1. Introduction
Small diameter blood vessels followed by upstream vasoconstriction is often prone to secondary stenosis [
1]. Hence, regenerated blood vessels will be an appropriate solution for replacing these small diameter vessels (which were affected with secondary stenosis). Various techniques, such as extrusion, electrospinning, thermal-induced phase separation, braiding, hydrogel tubing, and gas foaming had been used for developing artificial blood vessels [
2,
3,
4,
5]. Serpentine vascular geometry having a rigid wall has been used in vascular regeneration [
6]. Unlike a straight channel blood vessel, both bifurcated and arch-type blood vessels do not facilitate constant and unidirectional blood flow [
7]. Instead, the flow becomes turbulent with larger eddies and torsion. Such phenomena encourages formulation and analysis of the flow driven mechanical force distributions within the serpentine vascular network.
Bioprinting methodologies commonly use hydrogels as a cell-laden material as they are able to come into contact with the cells without damaging their viability [
8,
9,
10,
11]. Moreover, hydrogels can readily be mixed with cells, while simultaneously allowing for high cell density and homogenous cell distribution throughout the scaffold [
12]. The source of the hydrogel is an important factor because of varying chemical and mechanical properties of synthetic and natural polymers [
13]. Naturally derived hydrogels, such as GelMA, consist of inherent signaling molecules that promote cell adhesion. On the other hand, hydrogels derived from other organisms such, as alginate, lack these binding sites for cell adhesion and attachment [
14]. Natural biomaterials regulate interactions between the cells and the extracellular matrix and provide an excellent environment for the cells to grow, differentiate, and proliferate [
13,
15]. Since GelMa is a gelatin based bioink, it can also resolve intricate vascular networks and channels that offer endothelial cells with the essential properties of their native environments. Rheological modifiers also called rheological additives are mixed with gelatin based bioinks to enhance the rheology of the resulting bioink, especially with regard to viscosity and yield stress.

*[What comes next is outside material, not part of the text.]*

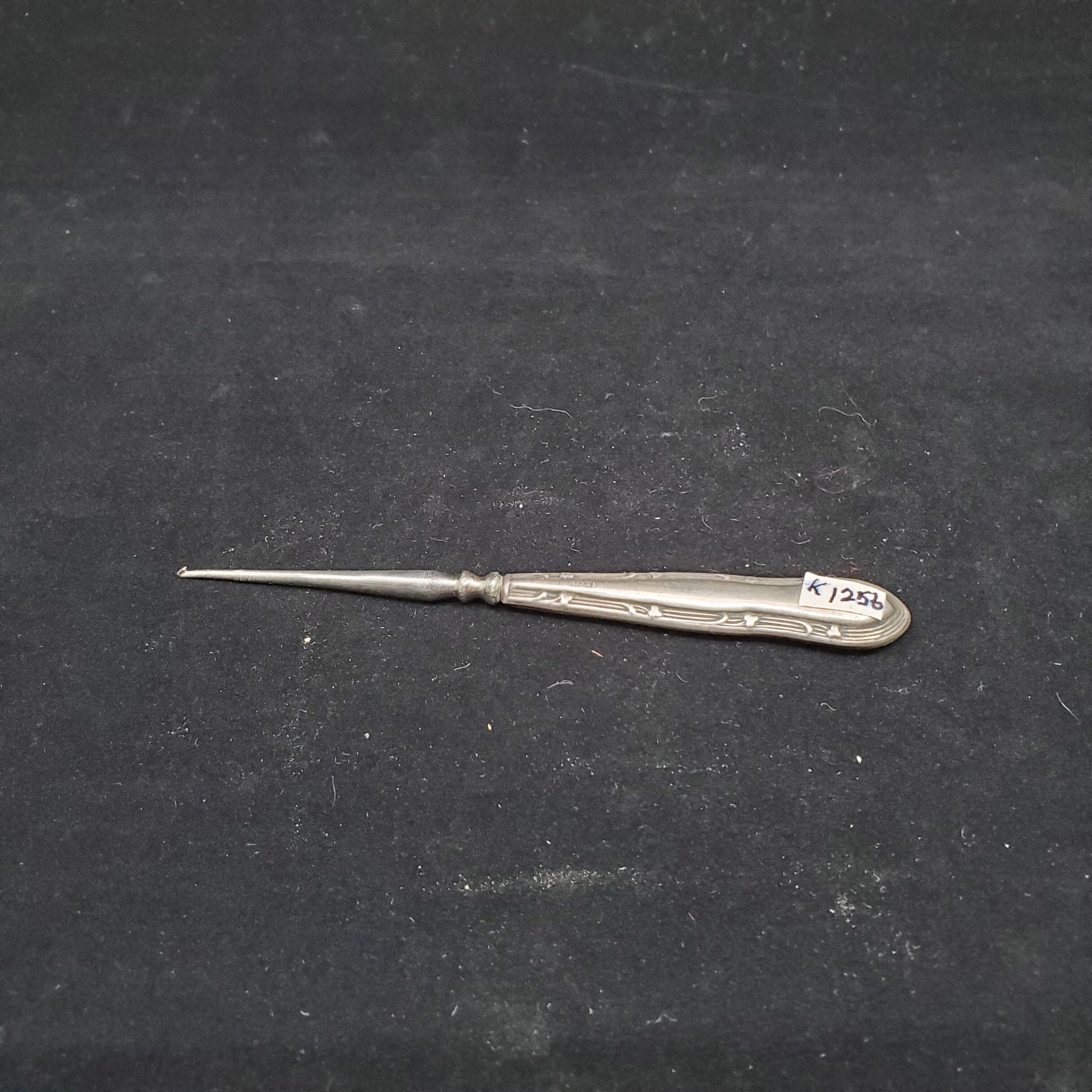 Steel crochet hook with sterling silver handle. English hall marks for Birmingham 1920 Design around outside edges of handle - lines with flower and leaf stems.

The pulsatile and sinusoidal flows have been reported as the simplified form of physiological blood flow in circulatory system [
16,
17,
18]. These inlet velocity profiles represent simulated biomimetic flow conditions for the serpentine vessels [
19,
20,
21,
22]. Further, the flow facilitates the seeded endothelial cells with the physiological stress at the luminal wall of the serpentine structure [
23]. Limited study can be found dealing with both physiological and sinusoidal flow to generate hemodynamic stress on the annular surface of the straight and bifurcated substrates [
24,
25,
26]. However, such inlet boundary conditions were not considered in a serpentine network with an elastic wall. Previous studies had considered serpentine models independent of the upstream stenosis (or secondary stenosis). The physiological flow of blood had been found to reproduce adequate stress for the seeded endothelial cells on the luminal wall, while the rigid model of the wall compensates the viability of such cells under a shear stress condition [
27,
28]. This stress was generated due to the flow of culture media through the bioprinted channels. Due to the positioning of endothelial cells, it is more sensitive and responds quickly to the fluid flow driven stress [
29]. It had also been reported that generation of vascular growth factors, conservation of blood vessels and migration of endothelial cells were being improved in the presence of modulating wall shear stress [
30,
31]. Shear stress derived from flow structures were also found to influence interconnected points between the cytoskeleton and extracellular structures of endothelial cells [
32,
33,
34]. However, it was found that elasticity of the vessel wall promotes migratory phenomena of endothelial cells in the presence of lateral stress in the periodic form of lymphatics. Hence, it is very vital to consider the bioprinted serpentine structure with the elastic wall for enhancing the cell viability of seeded cells in the presence of physiological and sinusoidal flow conditions.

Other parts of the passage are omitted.